I also build the listening ear from Michel Foucault’s theory of discipline and “the way in which the body itself is invested in power relations.”26 Disciplinary processes greatly inform my approach to listening and its tense, mutually constitutive relationship with shifting racial ideologies. Foucault mainly speaks of sensory discipline through visual surveillance and the concept of the gaze, most famously through Jeremy Bentham’s Panopticon, the Enlightenment prison whose architecture enabled jailers to watch prisoners without being seen. As Les Bull and Michael Back point out, Foucault’s theorizations neglect that Bentham also built auditory surveillance into his prison: a series of hidden, connected tubes allowed the wardens to listen in at will.27 The Sonic Color Line takes up Bull and Back’s provocation, using Foucault’s insights on discipline and training, to flesh out a “history of listening” that is theoretical, embodied, and sensitive to power, particularly the processes of subjection, racialization, and nationalism.28 Since the establishment of slavery and the codification of Jim Crow laws in its wake, listening has greatly impacted how bodies are categorized according to racial hierarchies and how raced subjects imagined themselves and negotiated a thoroughly racialized society.
This book identifies the processes enabling some listeners to hear themselves as “normal” citizens—or, to use legal discourse, “reasonable”—while compelling Others to understand their sonic production and consumption—and therefore themselves—as aberrant. Essentially, one’s ideas about race shape what and how one hears and vice versa. Although often deemed an unmediated physical act, listening is an interpretive, socially constructed practice conditioned by historically contingent and culturally specific value systems riven with power relations. While speculative philosophic work such as Jean-Luc Nancy’s Listening—which decouples listening from automatic connection with understanding and reminds us that “to listen is to be straining toward a possible meaning”29—has been helpful, I theorize listening as a historical and material practice, one both lived and artistically imagined. I show the dangers and the stakes of grand narratives through archival documentation of a specific racialized filter developed in the United States in the 1840s and the resistance mounted to it by black artists and thinkers. The listening ear is far from the only form of listening; however, it is a stance wielding much power, intersecting with and impacting the many other widely variable practices we experience collectively as “listening.”

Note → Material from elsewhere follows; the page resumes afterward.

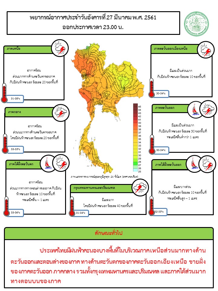- ประเทศไทยมีฝนฟ้าคะนองบางพื้นที่ในบริเวณทางด้านตะวันออกและตอนล่างของภาคเหนือ ทางด้านตะวันตกของภาคตะวันออกเฉียงเหนือ ชายฝั่งของภาคตะวันออก ภาคกลาง รวมทั้งกรุงเทพมหานครและปริมณฑล และภาคใต้ส่วนมากทางตอนบนของภาค ลมใต้และลมตะวันออกเฉียงใต้พัดนำความชื้นจากทะเลจีนใต้และอ่าวไทยเข้ามาปกคลุมประเทศไทยตอนบน ทำให้บริเวณดังกล่าวมีฝนฟ้าคะนองเกิดขึ้นในระยะนี้ ส่วนลมตะวันออกที่พัดปกคลุมอ่าวไทยและภาคใต้มีกำลังอ่อน ทำให้ภาคใต้มีฝนฟ้าคะนองได้บางพื้นที่

Occurring at the intersection of class, sexuality, gender, and race, listening offers an epistemological venue for our particular embodiments; our embodiments, in turn, filter incoming sound along various indices of classification and value. A footstep outside a window at night, for example, can have divergent meanings for men and women, and a different resonance for a white mistress than for a black female slave, an example taken up in chapter 2. I use “embodied ear” to represent how individuals’ listening practices are shaped by the totality of their experiences, historical context, and physicality, as well as intersecting subject positions and particular interactions with power (the listening ear).30 I hope that coupling “embodied” and “ear” will remind us of the relationship between ideology and materiality as well as the important interventions of deaf-studies scholars to expand notions of listening beyond an inaccurate focus on the ear as its sole source. Steph Ceraso, for example, urges us to think of listening as “multimodal,” vibrations experienced by the entire body and interpreted in conjunction with other senses, while Cara Lynne Cardinale challenges sound studies to consider a radical deafness in which sign language and “look-listening” point to the limits of sound and language (rather than reveal lacks).31
Although one filter among many, the listening ear exerts pressure on the embodied ear’s numerous listening practices, naturalizing the sonic color line as the singular—and often the most pressing—way to process aural information. In outlining how listening operates as a form of racial subjection, I wish neither to fetishize the listening ear nor to make its own unevenness and complexity into a monolith. Instead, I theorize the listening ear as a singular term because my archive tells me it works by attempting to suppress and reduce an individual’s myriad, fine-grained embodied listening experiences by shunting them into narrow, conditioned, and “correct” responses that are politically, culturally, economically, legally, and socially advantageous to whites. At times, the listening ear appears monolithic precisely because that is what it strives to be. From antebellum slavery to mid-twentieth-century color blindness, the listening ear has evolved to become the only way to listen, interpret, and understand; in legal discourse, the listening ear claims to be how any “reasonable person” should listen.
“Un-airing” the Past: Methodologies of the Sonic Color Line
I locate my work on the sonic color line as part of a collective project within African American literary and cultural studies to, as Carter Mathes contends, “emphasize the sonic as a conceptual field that might facilitate the radical projection of African American experience.”32 Earlier generations of critics theorized black diasporic writing in terms of sound, particularly Houston Baker, Henry Louis Gates, Paul Gilroy, Hazel Carby, and Stuart Hall, who argued that sound is a large part of what is “black” about black popular culture.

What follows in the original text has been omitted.